Is there any way to do so?

The best thing I could think, was to change the user's password but to keep the old shadow file. But this seems to me very ugly and also uncomfortable. I'm also not sure if it's a good idea to change the shadow file on a running machine (but I suppose so, otherwise vipw -s would kind of useless).

Is there an alternative?

The reason I want to achieve this, is that I'd like to test things or to configure programs for users who aren't able to do on their own. Yeah of course I could do everything on the shell als root or as the specific user (and acutally this is what I'm doing until now), but there are things that you definitly don't want to do on the shell. Did any of you ever try to change the position of the gnome-panel on the shell instead of just selecting "bottom"? :)

I don't think gksudo, sudo or su would help me. I want to have the whole gnome session.



Create a ghost user, with the same UID:

target: user1 (change to suit)

cat /etc/passwd | grep user1
user1:x:1001:1001:User1 Q Lastname:/home/user1:/bin/bash

add your ghost

sudo useradd -d /home/user1 -f -1 -u 1001 -g 1001 -M -o ghost1 -s /bin/bash -p MySecret

cat /etc/passwd | grep user1
user1:x:1001:1001:User1 Q Lastname:/home/user1:/bin/bash

su ghost1

NOTE: You can delete, with 'sudo userdel ghost1', but NOT when either account is logged in. Failsafe method: delete the new line in '/etc/passwd' file.

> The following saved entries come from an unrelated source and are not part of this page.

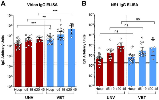 TBE virion- and NS1-specific IgG antibody responses of unvaccinated (UNV) and vaccination breakthrough (VBT) TBE patients in ELISA. (A) Virion-specific and (B) NS1-specific IgG antibody responses of TBE patients with and without prior vaccination, each group comprising 18 patients. Hosp represents samples obtained upon hospitalization. d5–19 and d20–45 are follow-up samples obtained 5 to 19 days and 20 to 45 days after the first serum, respectively. Data represent geometric means with 95% confidence intervals. The significance of changes in antibody concentrations between the two groups in the different time windows was determined by t-tests. ns, not significant; **, p < 0.01; ***, p < 0.001. Cut-off positive: solid line, cut-off equivocal: dashed line. Hosp, hospitalization; UNV, unvaccinated; VBT, vaccination breakthroughs.
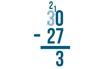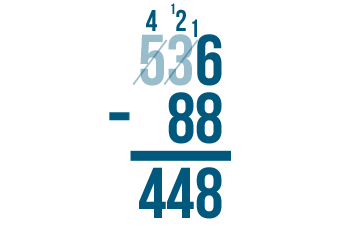 As you borrow, always cross out the digit you borrow from and write the new value above it. Remember to always place the 1 next to the smaller digit.
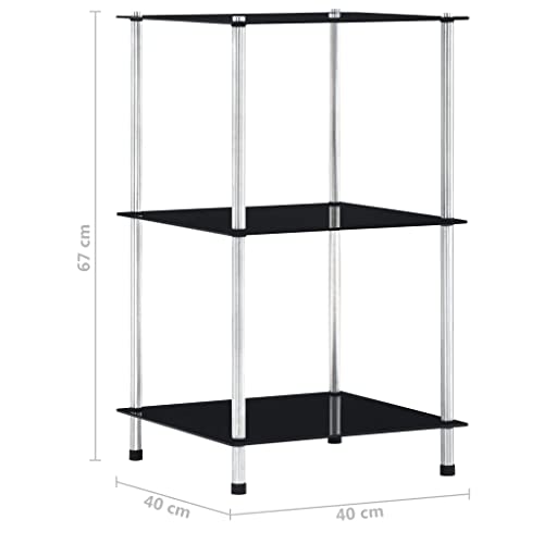 VidaXL Scaffale a 3 Livelli Ripiani Credenza Scansia Scaffalatura Mensole Vetrinetta Cambusa Armadietto Mobiletto Madia Nero in Vetro Temperato
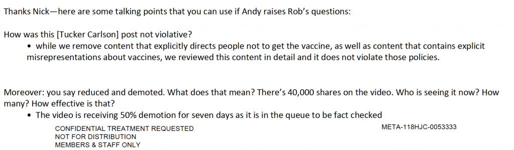 Dabei ging es wohl nicht nur um Posts einzelner, anonymer Nutzer, sondern auch prominenter Kritiker der Biden-Regierung und ihrer Corona-Politik, wie etwa Videos des damaligen Fox-News-Moderators Tucker Carlson. Laut Jordan habe das Weiße Haus versucht Videos von ihm von Facebook sperren zu lassen. In Reaktion schrieb das Unternehmen interne Talking Points für Treffen mit der Regierung, in dem der Konzern darauf verwies, dass man Carlsons Video-Sichtbarkeit bereits um 50 Prozent eingeschränkt habe.
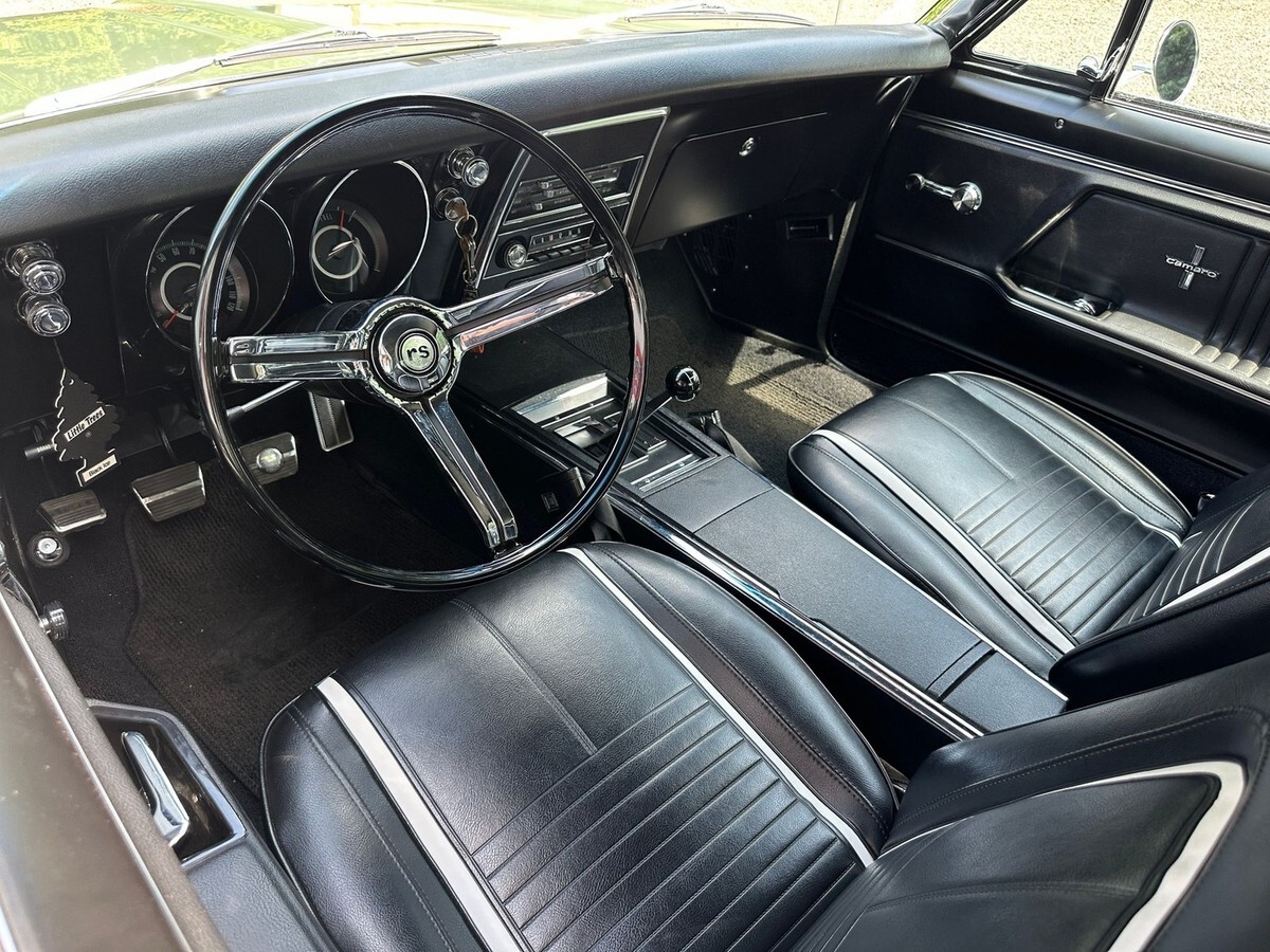 Factory born with the L Code Rally Sport (RS) model, this Camaro retains its original essence with pride. Finished in its factory Mountain Green paint color with a sleek black vinyl top (Code H-2), it exudes timeless elegance and style. But it's not just about the exterior beauty; even the underside has been painted to match the body color, showcasing the level of dedication put into this restoration.

  • Yeah, this is great! :) Might be conseridered as dirty hack too but not so ugly - actually I find this quite beautiful and creative... So I could store permanently a user ghost and then I'd have to adjust only UID and home directory to login. But can I be sure that there are no possible conflicts if UID (or the home directory?) is not unique? Also there is the danger that some programs might use the user name of the logged in user to store things or so. This could mess up config files horrible... Actually when thinking through it, I'm afraid... – lumbric Dec 21 '11 at 15:43
  1. Become root

    sudo -i
  2. As root, sudo to the other user

    su other_user

If you want to run X applications, take a look at xhost

  • How can I change the gnome-panel's position by using su or sudo? (without grawling around gconf or any xml files) – lumbric Dec 20 '11 at 20:24

I'm not sure if this is the best way, but here's an option I've just tested, and works on natty although I don't have an extra user set up so I'm not totally sure:

sudo Xorg :1

(in another terminal)

sudo -i
su - username
x-session-manager --display :1

Then Ctrl-Alt-F8 and you should find the new session. It might not be exactly same as logging in normally, but I'm pretty sure it'll let you rearrange panels as much as you like.

Use Ctrl-Alt-F7 to return to your original session. If those F-keys don't work for you, try others.